It wasn’t compromise that drove people away—it was our lack of emotional intelligence.
We didn’t lose them to a movement. We lost them to someone who listened.
– David, find your ink
A Painful Truth We Must Face
There’s a difficult truth the Church needs to confront, and yes—it’s going to sting:
We are one of the major contributors to the rise of the LGBTQ movement.
Not because we changed our theology. Not because we stopped preaching truth. But because we lacked emotional intelligence—and in doing so, we misrepresented the heart of Christ.
The Silence That Speaks Loudest
Imagine this:
A young boy begins to feel sexually attracted to other boys. He’s scared. Confused. Desperate for answers. He turns to the people he trusts most—his Christian parents.
But instead of love, he’s met with panic. Instead of grace, he’s silenced.
“We don’t talk about that here.”
The message becomes clear: Your feelings are not safe. Your thoughts are not welcome. Your questions make us uncomfortable.
And somewhere in that quiet rejection, a lie takes root:
When the Wrong Person Listens
Years pass. He never acted on his feelings. Still wrestling. Still praying.
Then one day, someone finally asks: “How are you really doing?”
And they listen.
Not a pastor. Not a parent. Not a Christian. But a classmate. A coworker. A kind soul with empathy.
They don’t offer truth—but they offer ears. And in that moment, he feels something he never felt in the Church:
Seen. Loved. Human.
“We didn’t lose them to a movement. We lost them to someone who listened.”
We’ve Preached Truth, But Modeled Shame
The Bible never said feelings were sinful. It says not to be ruled by them.
Attraction is not a sin. Acting on temptation outside God’s design is. But we’ve sent the wrong message.
“You feel this? Then you are broken. Dirty. Damned.”
And we wonder why they stop showing up.
Jesus was tempted. He never sinned. But the Church confuses temptation with condemnation. And in doing so, we turn people away from the One who can actually save them.

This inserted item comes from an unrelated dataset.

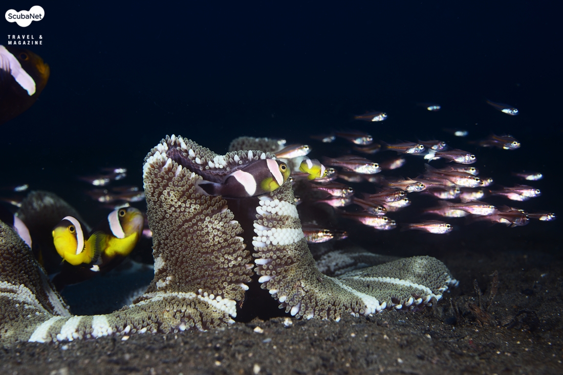 마크로 포인트에서 만났던 새들백아네모네피쉬와 카디널피쉬 무리

It’s the Same Flesh, Just Different Manifestations
Let’s be blunt:
Same-sex attraction is not worse than pornography. It’s not worse than pride. Gossip. Greed.

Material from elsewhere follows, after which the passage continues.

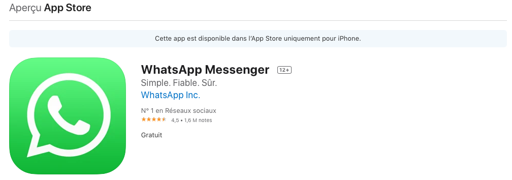Je viens de vérifier dans l’App Store et sur le site officiel de WhatsApp et ils indiquent que l’app WhatsApp n’existe que sur iPhone.
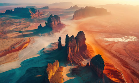 Aerial view of Monument Valley at sunrise, Arizona, USA.

It’s all flesh. All sin. Just different masks of the same rebellion.
But we’ve treated LGBTQ struggles like the unpardonable sin. And that shame has driven people not toward healing—but into hiding.
“You’re disgusting. Never speak of this again.”
And so they didn’t.
What We Call Persecution May Be Consequence
Yes, the Church is called to suffer. But not for being arrogant, harsh, or emotionally tone-deaf.
Let’s tell the truth:
Much of the backlash we face is not persecution—it’s consequence.
Consequence for coldness.
Consequence for condemnation without compassion.

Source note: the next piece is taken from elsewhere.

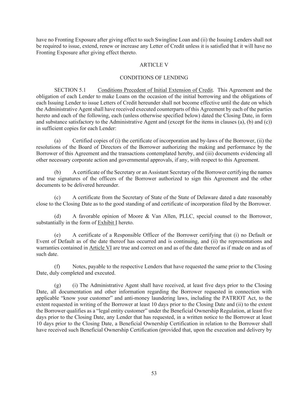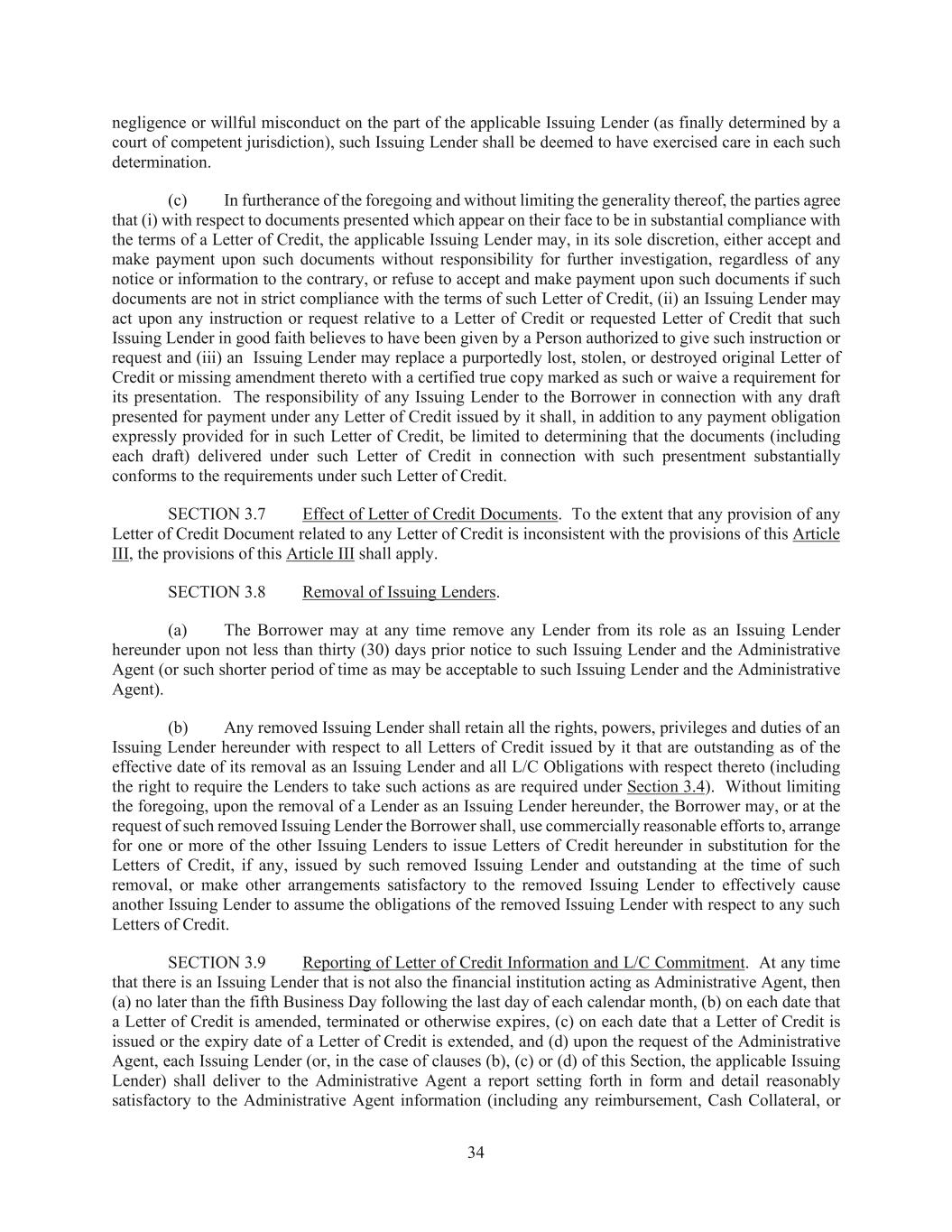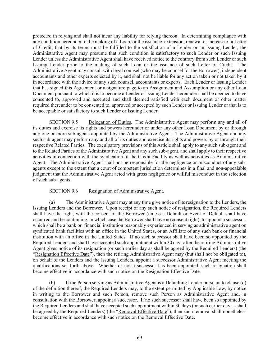 69 protected in relying and shall not incur any liability for relying thereon. In determining compliance with any condition hereunder to the making of a Loan, or the issuance, extension, renewal or increase of a Letter of Credit, that by its terms must be fulfilled to the satisfaction of a Lender or an Issuing Lender, the Administrative Agent may presume that such condition is satisfactory to such Lender or such Issuing Lender unless the Administrative Agent shall have received notice to the contrary from such Lender or such Issuing Lender prior to the making of such Loan or the issuance of such Letter of Credit. The Administrative Agent may consult with legal counsel (who may be counsel for the Borrower), independent accountants and other experts selected by it, and shall not be liable for any action taken or not taken by it in accordance with the advice of any such counsel, accountants or experts. Each Lender or Issuing Lender that has signed this Agreement or a signature page to an Assignment and Assumption or any other Loan Document pursuant to which it is to become a Lender or Issuing Lender hereunder shall be deemed to have consented to, approved and accepted and shall deemed satisfied with each document or other matter required thereunder to be consented to, approved or accepted by such Lender or Issuing Lender or that is to be acceptable or satisfactory to such Lender or Issuing Lender. SECTION 9.5 Delegation of Duties. The Administrative Agent may perform any and all of its duties and exercise its rights and powers hereunder or under any other Loan Document by or through any one or more sub-agents appointed by the Administrative Agent. The Administrative Agent and any such sub-agent may perform any and all of its duties and exercise its rights and powers by or through their respective Related Parties. The exculpatory provisions of this Article shall apply to any such sub-agent and to the Related Parties of the Administrative Agent and any such sub-agent, and shall apply to their respective activities in connection with the syndication of the Credit Facility as well as activities as Administrative Agent. The Administrative Agent shall not be responsible for the negligence or misconduct of any sub- agents except to the extent that a court of competent jurisdiction determines in a final and non-appealable judgment that the Administrative Agent acted with gross negligence or willful misconduct in the selection of such sub-agents. SECTION 9.6 Resignation of Administrative Agent. (a) The Administrative Agent may at any time give notice of its resignation to the Lenders, the Issuing Lenders and the Borrower. Upon receipt of any such notice of resignation, the Required Lenders shall have the right, with the consent of the Borrower (unless a Default or Event of Default shall have occurred and be continuing, in which case the Borrower shall have no consent right), to appoint a successor, which shall be a bank or financial institution reasonably experienced in serving as administrative agent on syndicated bank facilities with an office in the United States, or an Affiliate of any such bank or financial institution with an office in the United States. If no such successor shall have been so appointed by the Required Lenders and shall have accepted such appointment within 30 days after the retiring Administrative Agent gives notice of its resignation (or such earlier day as shall be agreed by the Required Lenders) (the “Resignation Effective Date”), then the retiring Administrative Agent may (but shall not be obligated to), on behalf of the Lenders and the Issuing Lenders, appoint a successor Administrative Agent meeting the qualifications set forth above. Whether or not a successor has been appointed, such resignation shall become effective in accordance with such notice on the Resignation Effective Date. (b) If the Person serving as Administrative Agent is a Defaulting Lender pursuant to clause (d) of the definition thereof, the Required Lenders may, to the extent permitted by Applicable Law, by notice in writing to the Borrower and such Person, remove such Person as Administrative Agent and, in consultation with the Borrower, appoint a successor. If no such successor shall have been so appointed by the Required Lenders and shall have accepted such appointment within 30 days (or such earlier day as shall be agreed by the Required Lenders) (the “Removal Effective Date”), then such removal shall nonetheless become effective in accordance with such notice on the Removal Effective Date.

Consequence for moralizing instead of ministering.
So Where Do We Go From Here?
We repent.
Not just for the sins we committed—but for the people we lost.
For the boy silenced by his parents. For the girl who left youth group crying. For the friend who begged for help but got a Bible verse instead of a hug.
We study Jesus again. The Jesus who corrected, yes—but always through compassion.
And we begin to say:
“You are not defined by your temptations. You are loved by a Savior who understands them. And I will walk with you toward freedom.”